Siempre se usaron los colores, pero en la década de los 80 la tendencia del morado enloqueció a las mujeres, según recuerda Sánchez, quien afirma que los tejidos en ese color se “vendían como pan caliente”.

El vendedor de tejidos, en sus afanes de incrementar sus entradas, instaló en su hogar de la calle Seibo No. 107-A una “fantasía” (mercería) en la cual expendía botones forrados de telas, nácar y hueso, zipers, tiras bordadas, encajes y las denominadas “chavas”, botones redondos y de gran tamaño.
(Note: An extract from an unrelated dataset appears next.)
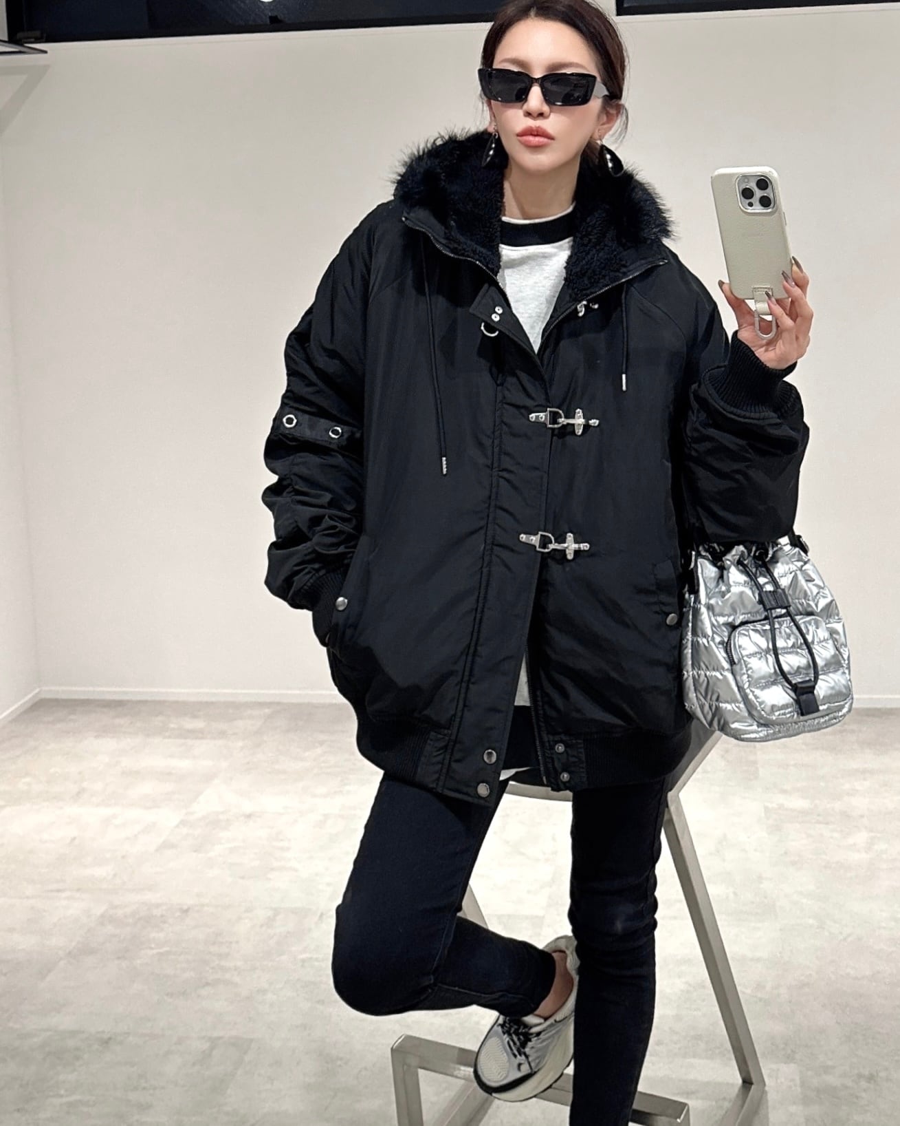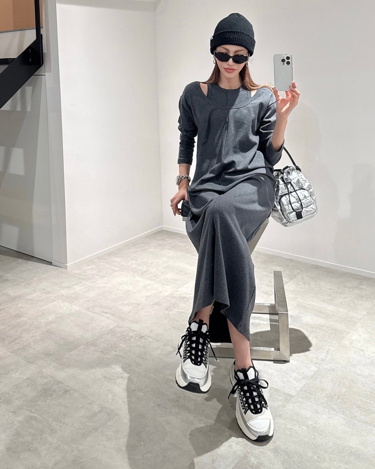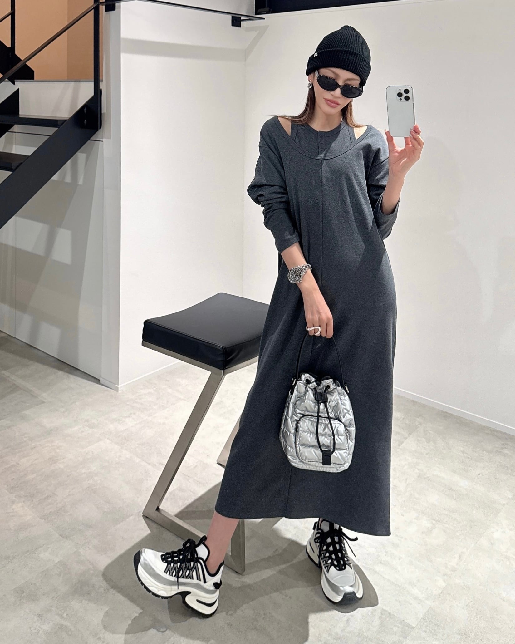 quilting plump bag/シルバー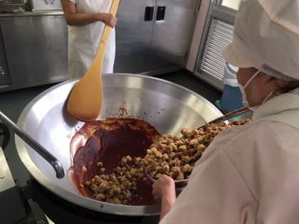 マグロのオーロラ煮は魚が苦手な児童でも食べやすくしてあり、児童に大変人気な献立です。今日はそのメニューをつくっている様子を掲載します。

Los precios oscilaban entre dos, cinco, ocho, 12 y 20 centavos.

Invirtió en la instalación de la mercería RD$700, incluyendo la vitrina con toda la mercancía. ¿Su situación era mejor que ahora?  Antes era mejor, debido que aunque ganaba relativamente poco dinero, con tres pesos iba al puesto de venta de pollo “El deguayangue”, en Villa Consuelo, y compraba una gallina grande de ocho y diez libras”.

En esos años recuerda que una libra de mondongo, hígado y una pata de vaca costaban cheles, productos que utilizaba de “comparón” en la elaboración de ricos platos.

 En el año 2000, debido a la proliferación del negocio de ropa confeccionada, Félix varió su estilo y se dedicó a vender pantalones, camisas, mosquiteros y polo shirt a los precios establecidos por un mercado competitivo.

El peso de los años –tiene 75–, el auge que ha tenido la venta de ropa y la ayuda económica de parte de sus hijos ha sido determinante para que Félix haya reducido su trabajo, que casi lo mantiene como un entretenimiento.

Félix Sánchez, quien enviudó hace más de dos años, está orgulloso de haber criado a sus hijos “como manda la ley”. Estos son: Roberto Sánchez González, administrador de empresa; Freddy, baloncetista; María Antonia, secretaria ejecutiva; Carlos, periodista; Miguelina, secretaria de oficina; Rolando, contable y Juan Pablo, sastre con especialidad en ropa deportiva.